-------- MATERIAL FOR THIS EXERCISE --------

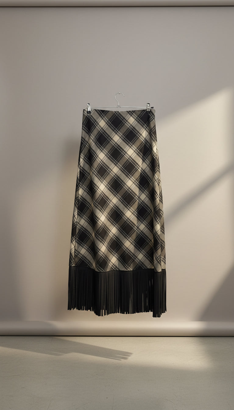 Questa gonna a scacchi incarna eleganza senza compromessi. Le frange in eco renna conferiscono movimento e carattere a ogni indossata. Il pattern geometrico classico si adatta facilmente a diversi stili personali, dal casual al sofisticato. Scegli un capo che rispecchia i tuoi valori e la tua ricerca di qualità premium, combinando consapevolezza ambientale con un design che non passa inosservato.
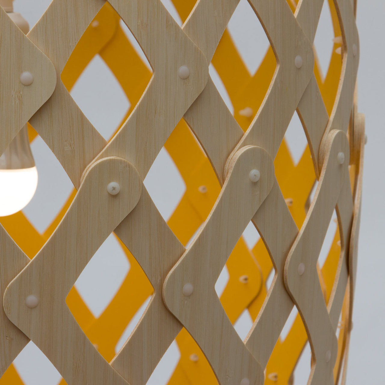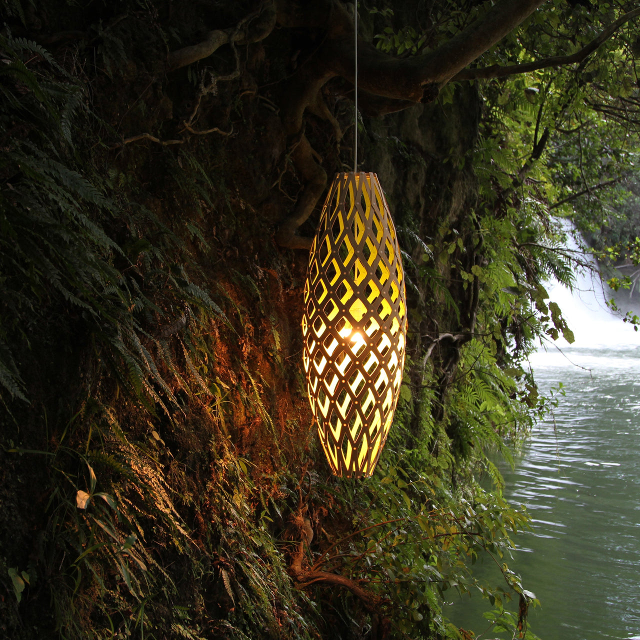 The first lamp New Zealand designer David Trubridge ever made in 1995 was shaped like a hinaki, the eel traps the Maori make from woven vines. The elongated form of the Hinaki Pendant Light equally captures attention in a foyer or room. A passion for the environment and earth drives the construction of all David's work, primarily made of renewable bamboo and flat-packed to reduce freighting and packaging resources and the identical pieces make home assembly a snap, literally. Endlessly adaptable, the light is available in 2 sizes and 9 stock colors (custom colors upon request) in natural or painted bamboo with nylon clip fasteners. The celebrated designing craftsman ended up in his adopted home of New Zealand after he, his wife and their two sons sold everything and set off on a yacht for a world adventure. It culminated in 1985 when they decided to remain there. While an artist-in-residence, he built a house and suddenly found himself with further commissions. Before realizing homes, lamps and furniture, David left Newcastle University in 1972 with a degree in Naval architecture. His work has appeared in countless museums, including the Victoria & Albert and the Pompidou Centre. That barely scratches the surface of his fascinating story and work ethos.
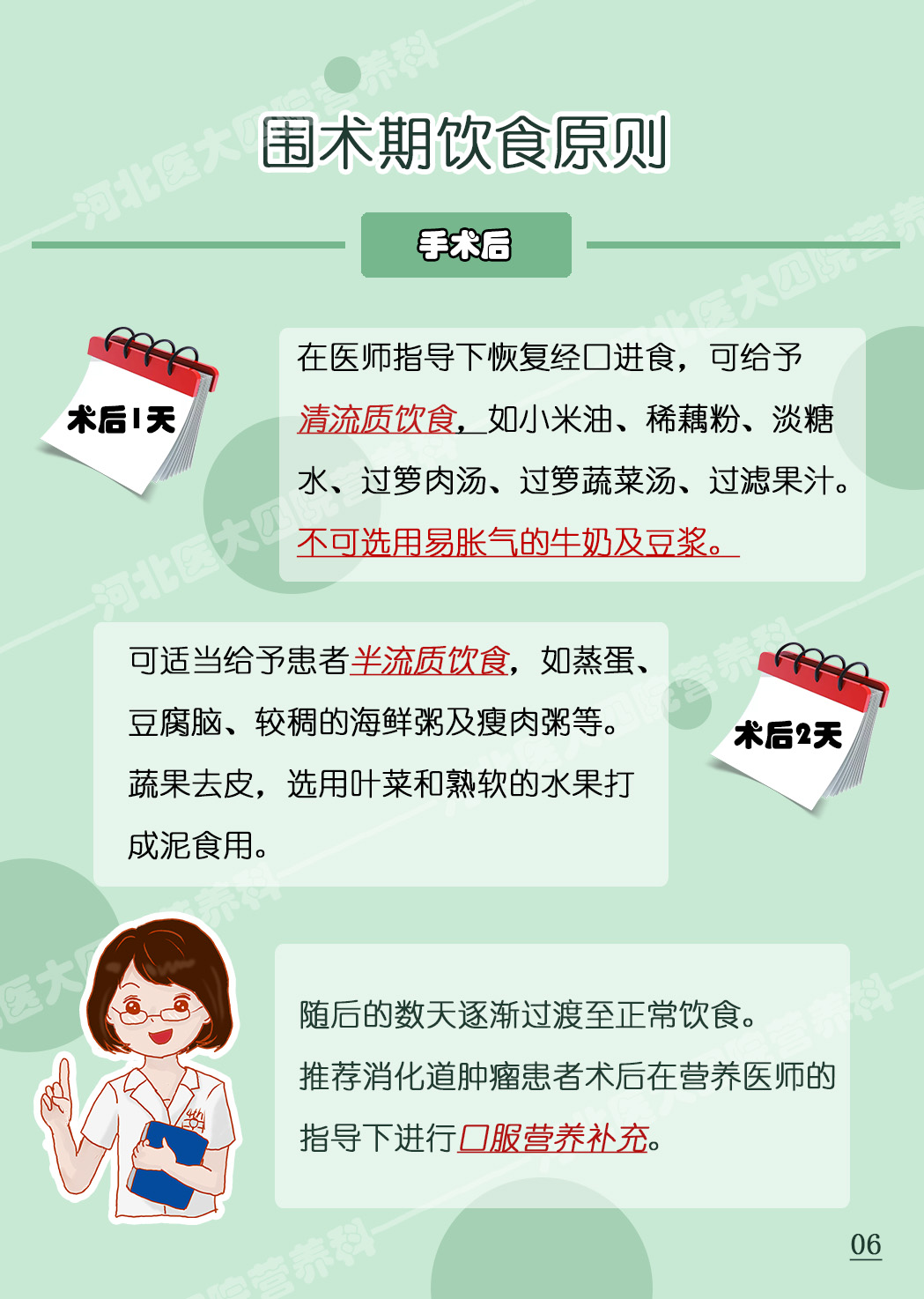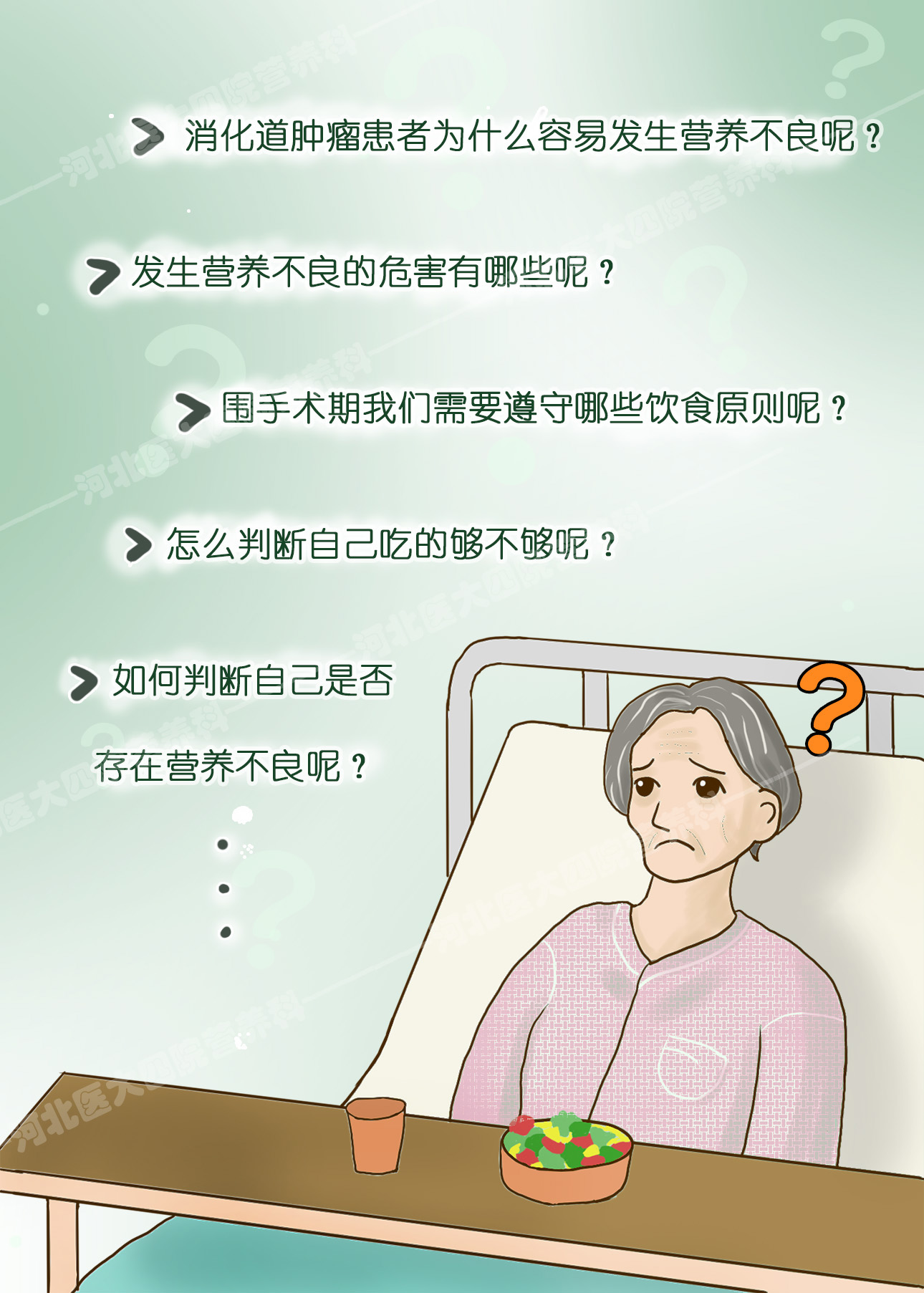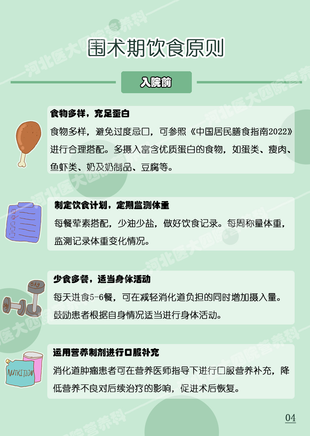 作品《围手术期你吃对了吗——消化道肿瘤篇》通过生动的、科学的系列图片介绍了消化道肿瘤患者在围术期的饮食原则及注意事项。
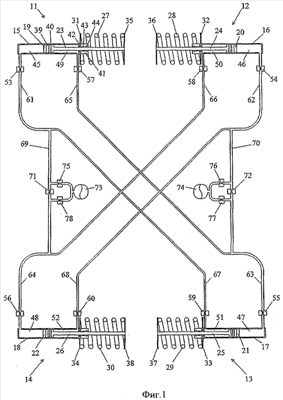 При деформации объемы жидкости, соответствующие объемам штоков, проходят из одного диагонального контура в другой диагональный контур через первый и второй каналы 69, 70 наклона. Поэтому гидравлическая система имеет незначительную жесткость коробления.
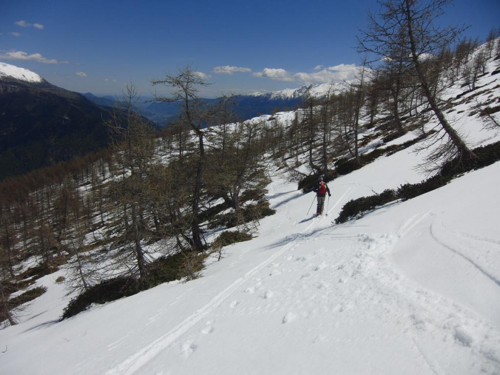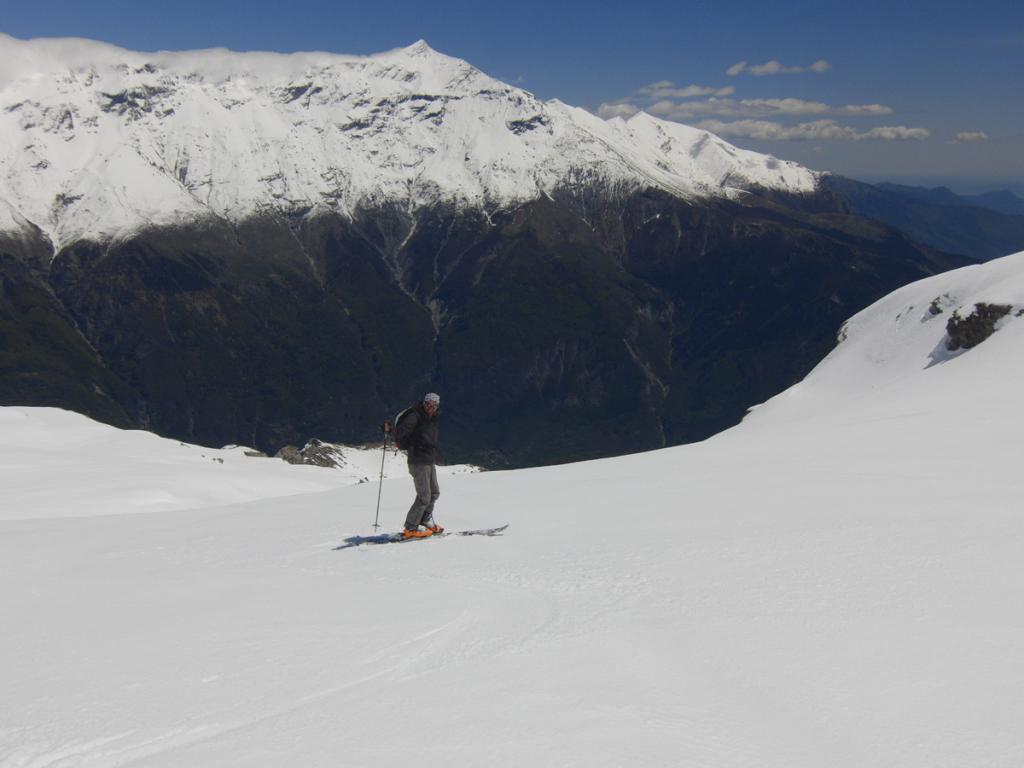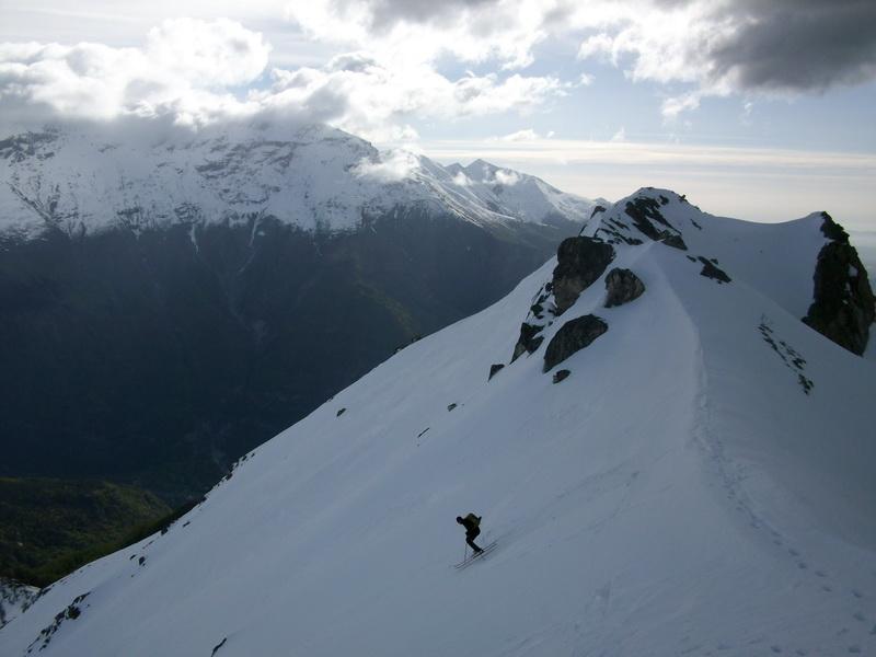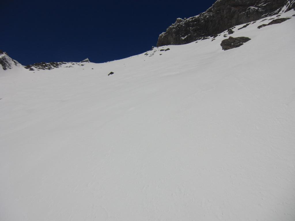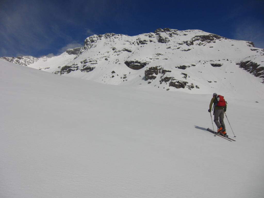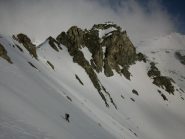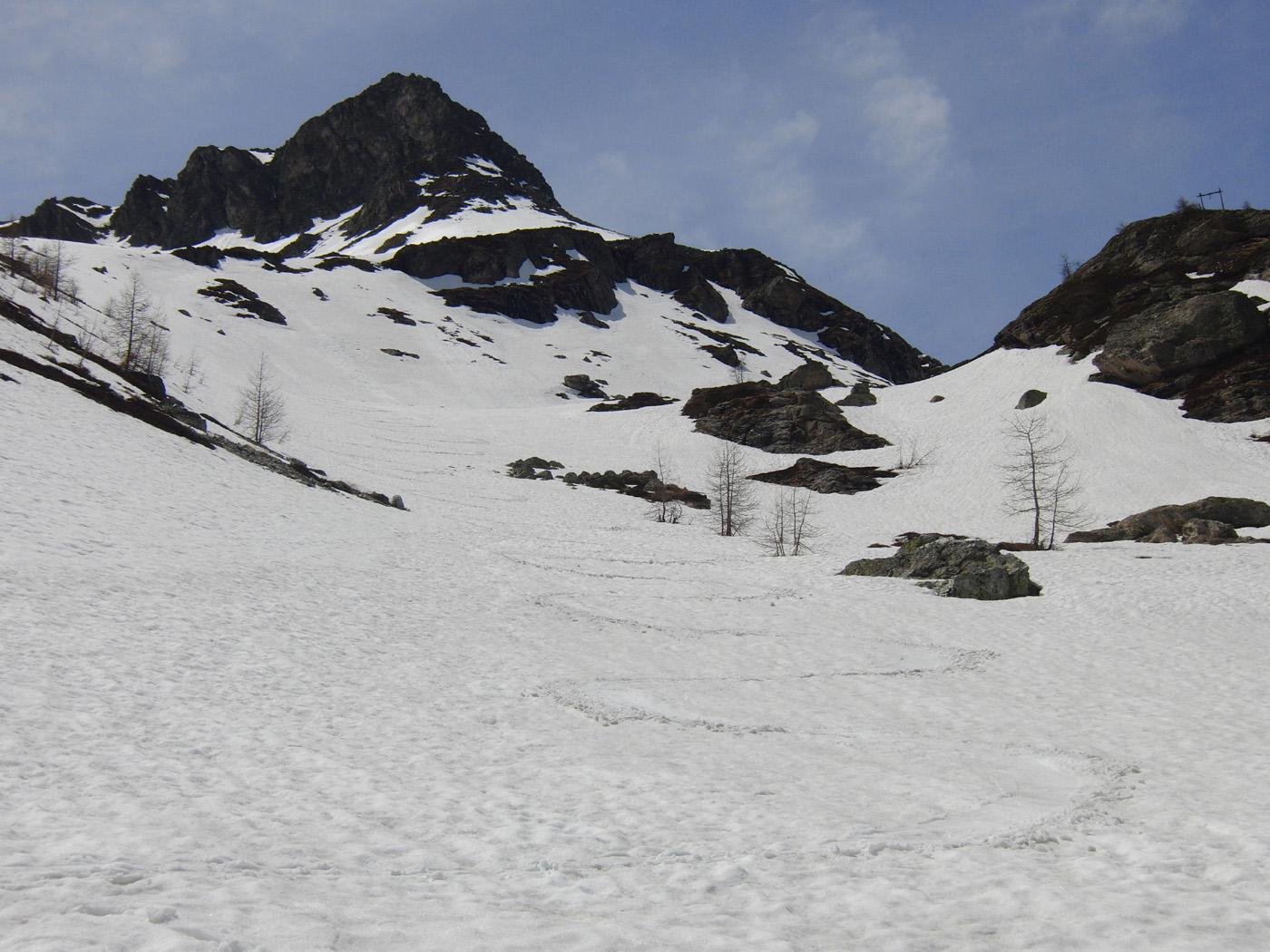 Al di sopra si giunge su un pendio alquanto ripido che va a terminare contro la base della parete rocciosa della vetta; lo si percorre diagonalmente da destra a sinistra fino ad uscire sulla crestina sud-est e tenendosi un pò più a destra di questa, superando un pendio alquanto ripido si esce direttamente in vetta.
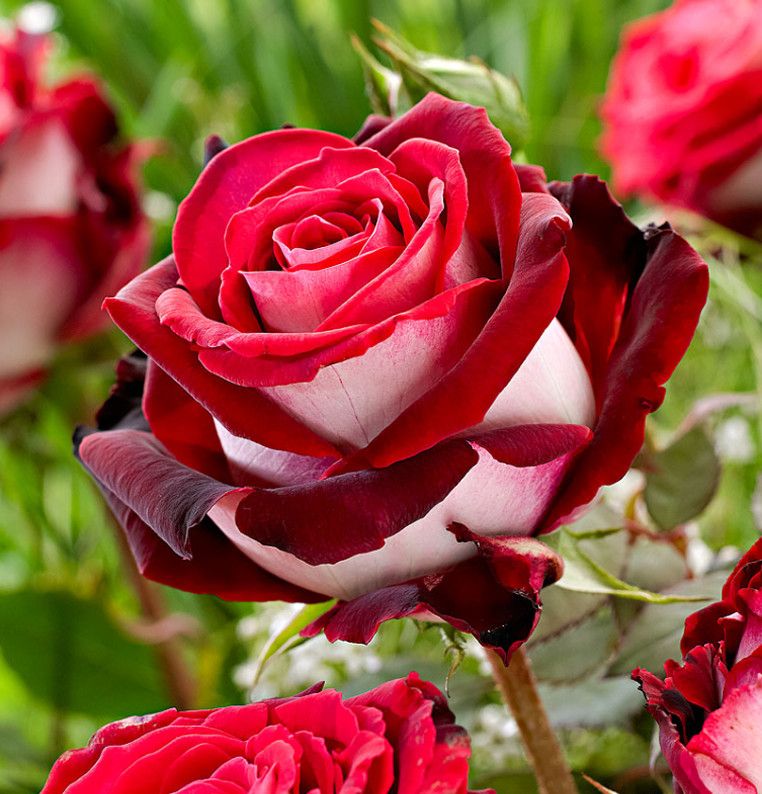 Саженец чайно-гибридной розы Осирия (Osiria) – это уникальный сорт, который привлекает внимание своими изысканными декоративными качествами. Лепестки этой розы окрашены в элегантные красно-белые тона, создавая гармоничный и благородный контраст. Внутренняя часть лепестков насыщенно-красная, а внешняя – ослепительно белая, что придает цветку особую выразительность. Сорт был выведен в 1978 году и до сих пор остается популярным среди садоводов.

--------

• _WHAT TO PRODUCE_
Print exactly, with no pictures, the lines above from the one that holds "作品《围手术期你吃对了吗——" through the one that holds "Al di sopra", both of them included.

• _COMPLETED TASK_
 作品《围手术期你吃对了吗——消化道肿瘤篇》通过生动的、科学的系列图片介绍了消化道肿瘤患者在围术期的饮食原则及注意事项。
 При деформации объемы жидкости, соответствующие объемам штоков, проходят из одного диагонального контура в другой диагональный контур через первый и второй каналы 69, 70 наклона. Поэтому гидравлическая система имеет незначительную жесткость коробления.
 Al di sopra si giunge su un pendio alquanto ripido che va a terminare contro la base della parete rocciosa della vetta; lo si percorre diagonalmente da destra a sinistra fino ad uscire sulla crestina sud-est e tenendosi un pò più a destra di questa, superando un pendio alquanto ripido si esce direttamente in vetta.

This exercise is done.